Anthrax source likely from U.S.

Cox News Service and Associated Press

WASHINGTON — White House officials said Monday that the anthrax mailed to Capitol Hill in October likely came from within the United States, and the State Department was looking at a letter that contained white powder.

"The evidence is increasingly looking like it was a domestic source," said White House Press Secretary Ari Fleischer. But he also cautioned that "this remains something that is not final, nor totally conclusive yet."

Speculation that the anthrax originated in a U.S. lab is mounting following a Washington Post report published Sunday that the genetic makeup of the anthrax used in the letters mailed to Sens. Thomas Daschle, D-S.D., and Patrick Leahy, D-Vt., matches the anthrax in the Army’s stockpile.

But Army officials discounted the theory that their lab is the original source of the anthrax. They note that the Army obtained the anthrax from the Agriculture Department and shared it with five labs in the United States, Canada and Britain.

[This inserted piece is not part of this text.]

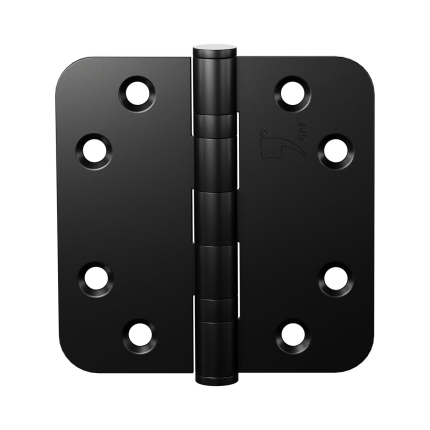 Das schwarze Scharnier mit abgerundeten Ecken eignet sich sowohl für rechts- als auch für linksdrehende Türen, da sich Stift und Endkappe leicht entfernen lassen. Mit einer Höhe von 89 mm, einer Breite von 89 mm (ausgeklappt) und 2,5 mm dicken Scharnierblättern ist dieses Scharnier ideal für Türen bis zu 70 kg.

At the State Department, the FBI was called to examine a white powder found in an envelope addressed to Deputy Secretary of State Richard Armitage. The envelope moved through the regular U.S. mail system and officials assumed that it had been irradiated, said Lynn Cassel, a department spokeswoman.

Cassel said the letter was addressed in "block letters," but she did not know if the envelope or the writing resembled that found on previous, anthrax-tainted letters.

Meanwhile, officials reported that the Hart Senate Office Building will need a third round of fumigation to kill lingering anthrax spores after technical difficulties thwarted decontamination efforts this weekend.